First of all, I had already apologized. Secondly, before this friend started cursing, he said, "It seems that the people in this group have never been scolded before [^a Chongqing dialect, meaning "to be scolded or humiliated"]. This made me understand that he was trying to solve the problem with his anger, and for me, this is a sign of his incompetence. Anger cannot solve any problems; it can only suppress problems with the fear of some people. Some people like to use anger to "solve" problems because, for them, it is the simplest way, and it can also maintain their dominant position. This is the absolute dominance that most men have to feel secure in the world. Finally, he believed that he didn't need to take responsibility for his words because he was "emotionally excited," just like the ridiculous belief that many people agree with - "what you say when you're drunk doesn't count" - No, in any situation, a person should take full responsibility for their actions and words.
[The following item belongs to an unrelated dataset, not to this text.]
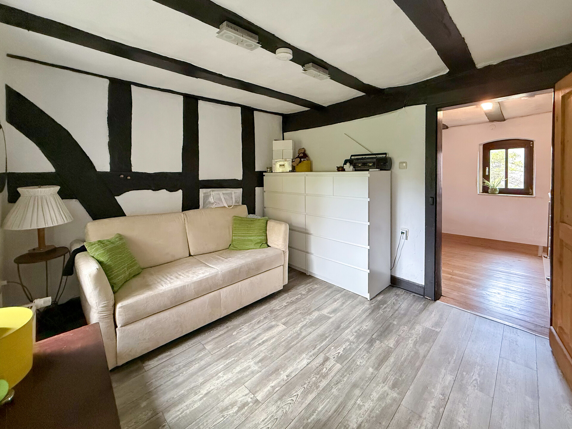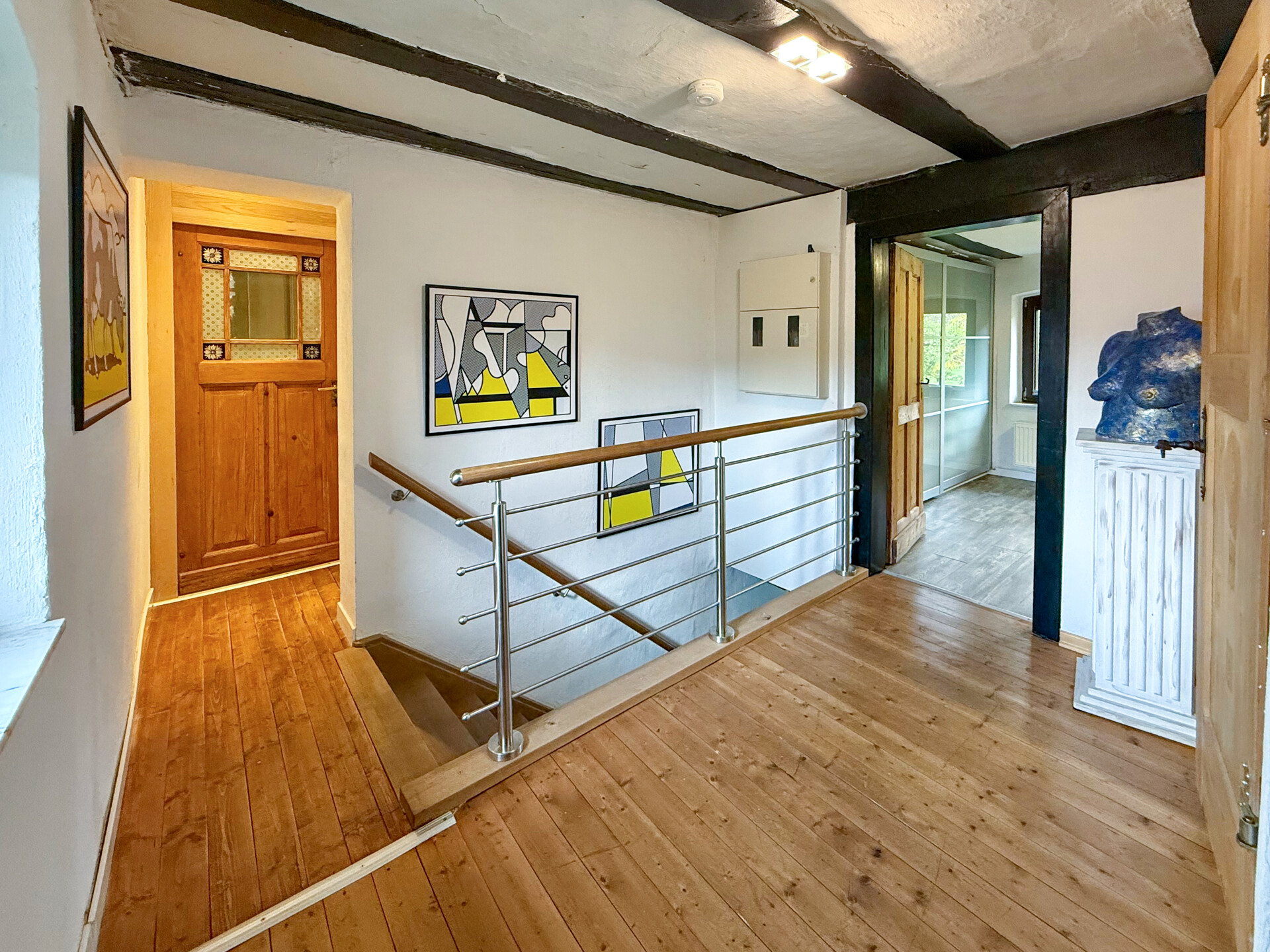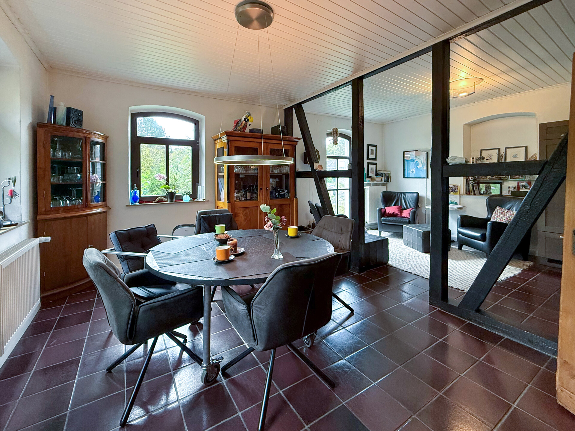Dieses liebevoll modernisierte, ehemalige Fachwerkhaus mit Ursprung um 1800 vereint historischen Charme mit modernstem Wohnkomfort. Auf einem Grundstück von rd. 1.403 m² präsentiert sich das Anwesen – nach stetigen Sanierungen und Renovierungen von 1981 bis heute – in einem sehr guten Zustand! Im Erdgeschoss ist das Wohnen nahezu altersgerecht möglich: Neben dem gemütlichen Wohn-/Essbereich stehen eine hochwertig ausgestattete Küche, ein Wannenbad sowie ein Schlafzimmer oder Büro zur Verfügung. Im ersten Obergeschoss erwarten Sie ein eindrucksvolles Schlafzimmer mit Galerie, ein Kinderzimmer oder eine Ankleide, ein sep. WC sowie ein Wellness-/Saunaraum – perfekt für entspannte Stunden. Ein weiteres Zimmer befindet sich im Dachgeschoss. Insgesamt verfügt das Haupthaus über rd. 174 m² Wohnfläche. Ergänzt wird das Angebot durch vielfältige Nebennutzungen: Im Erdgeschoss der Scheune befinden sich Werkstatt, Heizung/Waschküche und ein Nebenraum, im Obergeschoss ein großzügiger Hobbyraum. Drei Kellerräume bieten zusätzlichen Stauraum. Zum Anwesen gehören außerdem ein Doppelcarport mit Wallbox und Abstellraum, ein Pavillon sowie das wunderschön angelegte Gartengrundstück – ein echtes Refugium, für alle, die Qualität und Gemütlichkeit schätzen!Ausstattung

After thinking rationally, I realized that I did nothing wrong. Even if I did, I tried to resolve the issue as soon as possible [like saying "I'm sorry"]. The rest of the argument and annoyance are theirs, not mine.

I am no longer the pitiful person who always finds fault in myself, and I am grateful for that.

Messages for Myself in the Coming Year#

I know myself, and this time next year, I will definitely come across this page and see how I wrote my year-end summary this year because I can't help but look for references when writing an article that requires organization and formatting. [^Maybe in 2023, I can overcome this?] So, I have decided to follow the example of 莫比乌斯's year-end summary and leave a few questions for myself next year.

  • You always feel that you are not worthy of love. Can you talk about the lovely qualities you possess?
  • Do you still believe that humans should break free from all constraints to show their true selves? For example, you once believed that "阳物中心主义" should be translated as "鸡巴崇拜主义" because you thought that humans create this so-called "formality" just to cover up. The more sacred the name, the more filthy the actions it conceals. [^Quoted from Bai Luojia, also known as Phenol Phthalein's Twitter.]
  • How do you view the recognition of others? Is it more important than achieving self-worth?
  • What kind of creation do you consider to be good? Does it have to have depth?